___ DATASET EXCERPTS ___

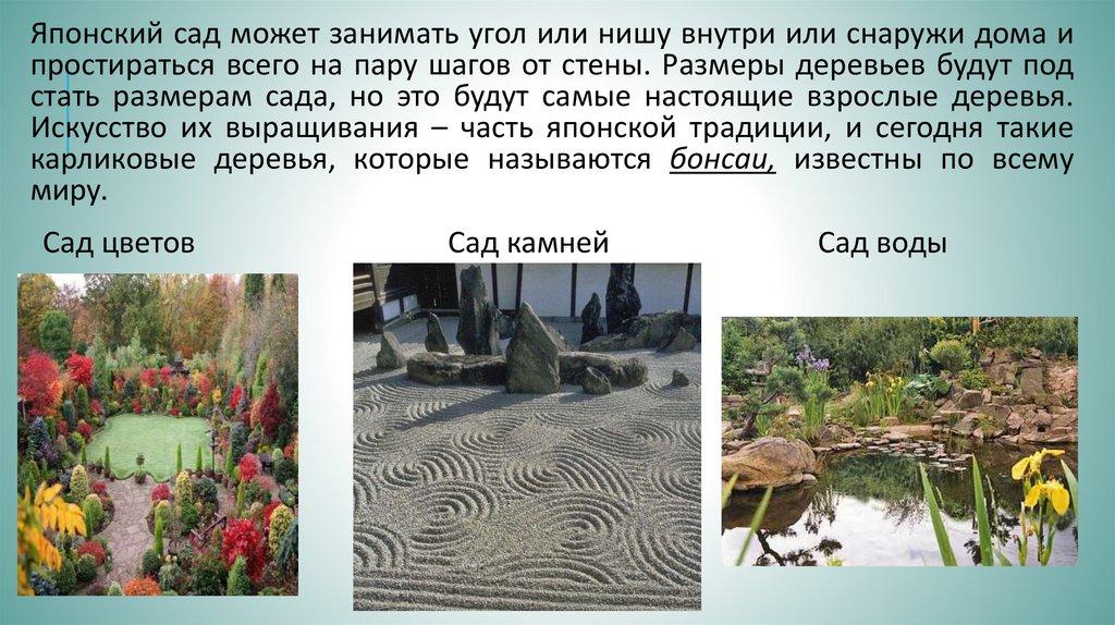 Японский сад может занимать угол или нишу внутри или снаружи дома ипростираться всего на пару шагов от стены. Размеры деревьев будут под
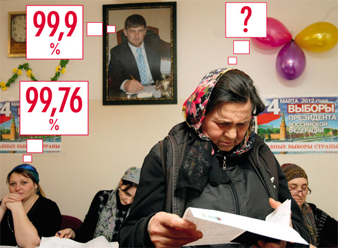 Особая явка По словам специалиста по выборам Александра Кынева, реальная явка на Северном Кавказе, в частности в Чечне, составила 30–40% вместо заявленных 99%. Собеседники The New Times, бывшие свидетелями голосования, подтверждают: люди на участки шли неохотно. «Люди на Кавказе проигнорировали эти выборы», — считает шеф-редактор независимого кавказского журнала «Дош» Абдулла Дудуев. Еще 4 декабря во время парламентских выборов Дудуев с коллегами проехался по участкам: «Стартовали в Ингушетии на участках в Карабулаке и Назрани и через чеченские Грозный и Аргун доехали до Дагестана, где заглянули на участки в Хасавюрте и Махачкале. Нигде мы не видели больше 10–15 человек одновременно». В марте картина повторилась, хотя, по словам Дудуева, людей на участки пытались затащить всеми возможными способами: агитировали в мечетях, учебных заведениях, госучреждениях, везде людям говорили, что надо прийти и проголосовать за Владимира Путина. «В некоторых населенных пунктах главы администраций говорили жителям, что от каждой семьи должен прийти хотя бы один человек и проголосовать за всех домашних, — говорит Дудуев. — Члены комиссий нам так говорили: нужный результат будет получен независимо от явки и погоды». Эдуард Атаев, бывший наблюдателем от «Яблока» на парламентских выборах и членом комиссии с правом совещательного голоса на президентских на участке 1561 в родном селе Эндирей Хасавюртовского района Дагестана, подтверждает: явка была низкая. На выборах депутатов Госдумы на участке Атаева, по его подсчетам, проголосовали 65 человек, что не помешало сначала провести вброс и записать «Единой России» суммарно 128 голосов, а затем, уже после того как наблюдателей выгнали с участка, набросить и вписать в финальный протокол еще 949 голосов за партию власти. На президентских же выборах в соседнем с 1561-м участком помещении сидели социальные работники, каждый из них должен был привести на выборы 20 человек. «У них были специальные проштампованные листочки, куда они записывали номера приведенных ими людей в избирательных списках», — говорит Атаев. По словам его коллеги, работавшего в чеченском УИКе, ситуация доходила до абсурда: «Выплаты пособий по инвалидности, зарплаты и стипендии перенесли на 4 марта: проголосовал в одном помещении, получил причитающееся в соседнем. Очень удобно, и к тому же есть стимул для голосования». Бывший пресс-секретарь президента Ингушетии Юнус-Бека Евкурова Калой Ахильгов в разговоре с The New Times напомнил, как после думских выборов 2007 года, в которых, по данным ЦИК, приняли участие 99% жителей, в республике была организована акция «Я не голосовал!». Ее организаторам удалось собрать подписи более 85 тыс. ингушей, это примерно 55% избирателей республики, которые заявили, что не ходили на участки. К пересмотру итогов выборов акция не привела, а один из ее организаторов, правозащитник и юрист Магомед Евлоев, в августе 2008 года был убит сотрудниками МВД по дороге из аэропорта Назрани.
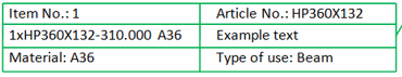 You can use tab stops (besides the selection of HiCAD fonts) to apply a tabular alignment to text blocks of an annotation. To do this, just place the cursor at the required position of the text and press the TAB STOP key on your keyboard.
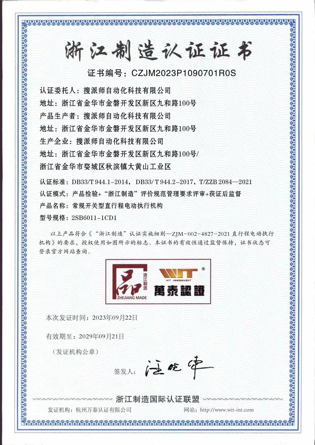 搜派師自動化科技有限公司榮獲浙江制造品字標,標志著公司產品的高品質和卓越表現得到了認可。作為“品字標”品牌的代表,搜派師電動執行器以其精心設計、精良選材、精工制造和精誠服務的特性,為用戶帶來了深度的體驗和卓越的性能。未來,搜派師自動化科技有限公司將繼續不斷創新,不斷提升產品質量和服務水平,努力做好品質之選,為用戶創造更大價值。
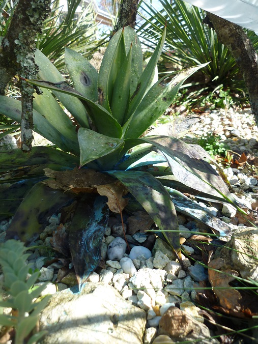 Bertrand, c'est bien un agave celsii que j'ai planté au printemps dernier. Je l'ai mis sous cloche un peu (trop) tard, je me suis laisser emporter par la douceur des températures et sous estimer les méfaits de l'eau...
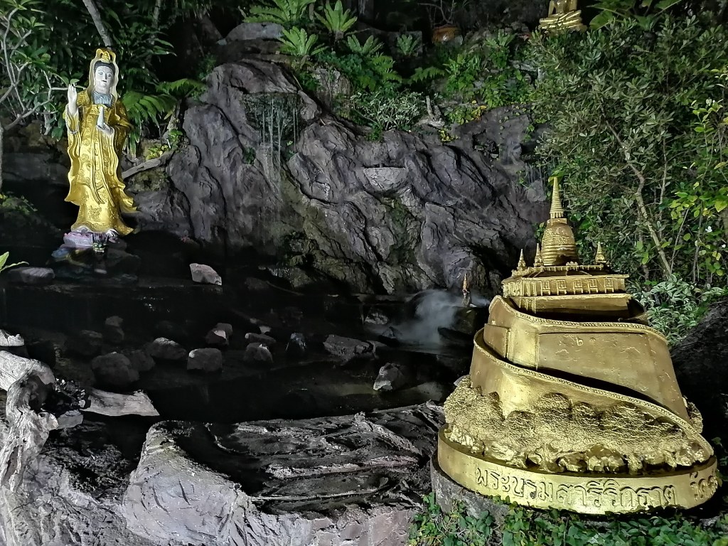 Joudut kipuamaan vuorenrinnettä 318 porrasta päästäksesi temppeliin. Porrasreitti on upea, koska sitä reunustavat vehreät kasvit, veistokset ja vesilähteet, ja tunnelmaa luovat myös portaille ruiskutettu vesihöyry ja kovaäänisistä kuuluva munkkien laulu tai muu hartaushetki.

___

* [GOAL OF THE EXERCISE]:
Within the entries above, the lines from the one with "搜派師自動化科技有限公司榮獲" through the final line are to be printed exactly, with the pictures removed.

* [ANSWER SPACE]:
 搜派師自動化科技有限公司榮獲浙江制造品字標,標志著公司產品的高品質和卓越表現得到了認可。作為“品字標”品牌的代表,搜派師電動執行器以其精心設計、精良選材、精工制造和精誠服務的特性,為用戶帶來了深度的體驗和卓越的性能。未來,搜派師自動化科技有限公司將繼續不斷創新,不斷提升產品質量和服務水平,努力做好品質之選,為用戶創造更大價值。
 Bertrand, c'est bien un agave celsii que j'ai planté au printemps dernier. Je l'ai mis sous cloche un peu (trop) tard, je me suis laisser emporter par la douceur des températures et sous estimer les méfaits de l'eau...
 Joudut kipuamaan vuorenrinnettä 318 porrasta päästäksesi temppeliin. Porrasreitti on upea, koska sitä reunustavat vehreät kasvit, veistokset ja vesilähteet, ja tunnelmaa luovat myös portaille ruiskutettu vesihöyry ja kovaäänisistä kuuluva munkkien laulu tai muu hartaushetki.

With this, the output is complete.